Cap sur l’économie circulaire

Pierre Meyer
Journaliste, membre du comité de gpclimat-ge.ch | Plus de publications

La Suisse se targue d’être championne dans l’art du recyclage. Si c’est en partie vrai pour les bouteilles en verre, en pet et les canettes en aluminium, elle en est, en revanche, encore loin en ce qui concerne tous les autres déchets qu’ils soient liés à la consommation de masse (électroniques ou vêtements notamment) ou encore à l’industrie, à la construction et aux services.

Cette apparente contradiction n’en est pas une. Car si les filières du verre, du pet et de l’aluminium sont valorisées c’est parce que ces biens sont clairement identifiables et homogènes et qu’ils se situent, ni plus, ni moins, dans le prolongement de l’économie extractive linéaire, actuellement ultra-dominante dans le monde. Economie qui repose sur le postulat extraction-fabrication-utilisation (la plus courte possible)-élimination. Une logique qui n’a cessé de s’accélérer ces dernières décennies, pour aboutir aux aberrations du tout jetable et du non-réparable (fast-fashion, obsolescence programmée, etc.) poussées dans ces derniers retranchements par un marketing agressif et irresponsable.

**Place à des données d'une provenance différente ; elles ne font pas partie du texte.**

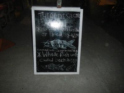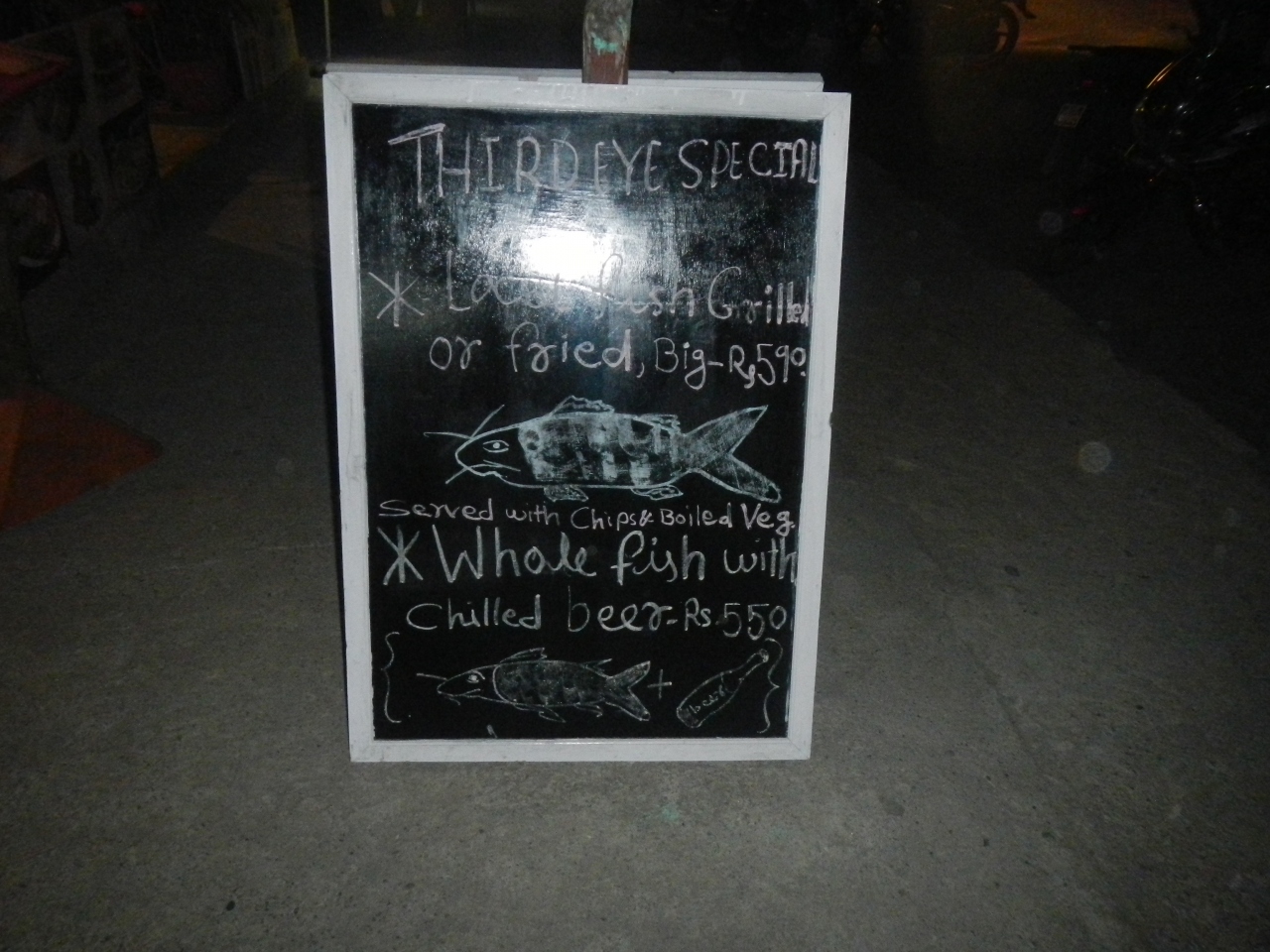 冷たいビールと魚1匹で550ルピー(サービス料10%)という看板に魅かれて入る。

Face à ce monstrueux gaspillage de ressources (matières premières et énergie), le recyclage n’apparaît dès lors que comme un pis-aller. « La tendance à se focaliser sur le recyclage s’explique sans doute, car c’est la stratégie qui remet le moins en cause la logique linéaire et les modes de production et de consommation qui en découlent », soulignent ainsi Dunia Brunner et Nils Moussu dans un récent et excellent ouvrage « L’économie circulaire Agir pour une Suisse durable », (Collection Savoir suisse, Presses polytechniques et universitaires romandes, Lausanne, 2023, 166 pages). Pis-aller, illusoire de surcroît, puisque le recyclage donne l’agréable impression aux consommateurs d’être vertueux, alors que la pratique ne fait qu’avaliser l’usage unique des objets. Un aspect qui n’est qu’une des manifestations, faussement perçue comme indolore, d’un projet économique dévastateur qui exerce une prédation implacable sur toutes les ressources de la planète.

Pourtant, les cris d’alarme se succèdent. Deux articles parus coup sur coup dans le quotidien Le Temps fin mars en attestent. Intitulés, l’un « Alerte au tsunami de déchets électroniques » (21 mars) et l’autre « L’économie circulaire : impérative, urgente, et résolue ! » (22 mars), ils attirent l’attention sur la nécessité d’un changement radical de la logique économique linéaire vers une conception, autrement plus respectable des ressources (rappelons finies) de la planète, en convertissant la production, l’utilisation et le traitement des déchets selon les principes durables de l’économie circulaire.

Cette dernière ne consiste pas seulement à valoriser au maximum les déchets, mais à intégrer, dès la conception de ceux-ci, leur capacité à être utilisés de façon durable et à produire des déchets dont les composants puissent être réutilisables, afin d’entrer dans de nouveaux cycles de fabrication.

Face à ce défi, la Suisse est au pied du mur. Mais elle en a désormais les moyens depuis l’adoption, ce printemps, par les Chambres de l’initiative parlementaire « Développer l’économie circulaire en Suisse ». Cette dernière crée de nouvelles bases légales visant à boucler les cycles des matériaux, prolonger la durée de vie et d’usage des produits ainsi qu’à instaurer une utilisation efficace des ressources. Il reste au Conseil fédéral à agir vite et efficacement.